## Task requirements:
Using the data below, return word for word every line from the one holding "最初に草抜きをしました。畑が" down to the one holding "首先先下载Ollama,进入". Leave pictures out.

## Record set:
• • •
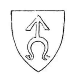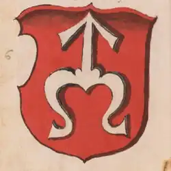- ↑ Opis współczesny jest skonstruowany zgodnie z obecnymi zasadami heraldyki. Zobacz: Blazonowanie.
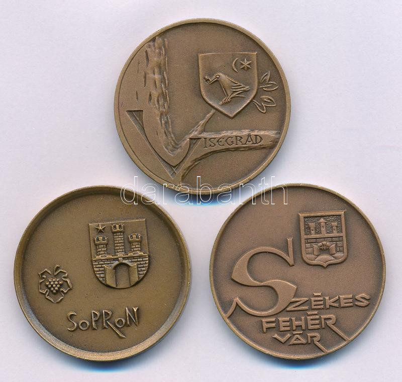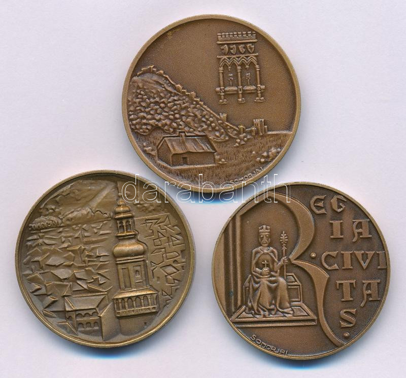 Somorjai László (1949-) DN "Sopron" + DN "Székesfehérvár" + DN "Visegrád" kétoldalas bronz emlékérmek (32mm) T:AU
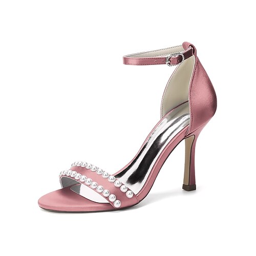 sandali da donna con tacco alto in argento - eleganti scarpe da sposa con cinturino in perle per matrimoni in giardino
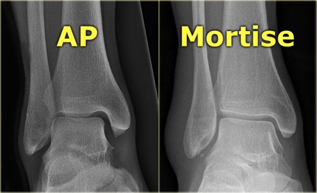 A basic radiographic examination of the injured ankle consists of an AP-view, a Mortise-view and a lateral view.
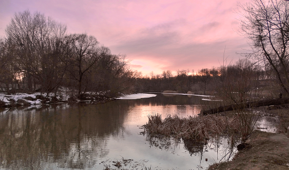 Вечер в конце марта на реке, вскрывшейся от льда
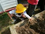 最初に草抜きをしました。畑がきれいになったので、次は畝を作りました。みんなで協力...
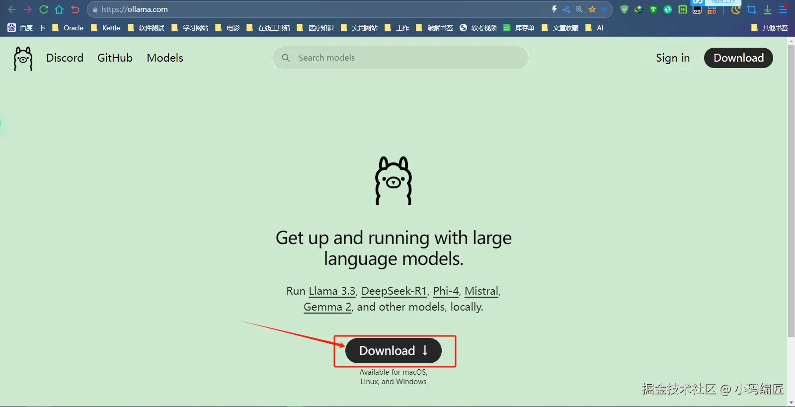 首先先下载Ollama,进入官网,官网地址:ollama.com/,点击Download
• • •
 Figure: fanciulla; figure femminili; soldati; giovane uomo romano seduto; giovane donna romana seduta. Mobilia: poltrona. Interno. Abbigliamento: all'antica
• • •
## Result of this exercise:
 最初に草抜きをしました。畑がきれいになったので、次は畝を作りました。みんなで協力...
 首先先下载Ollama,进入官网,官网地址:ollama.com/,点击Download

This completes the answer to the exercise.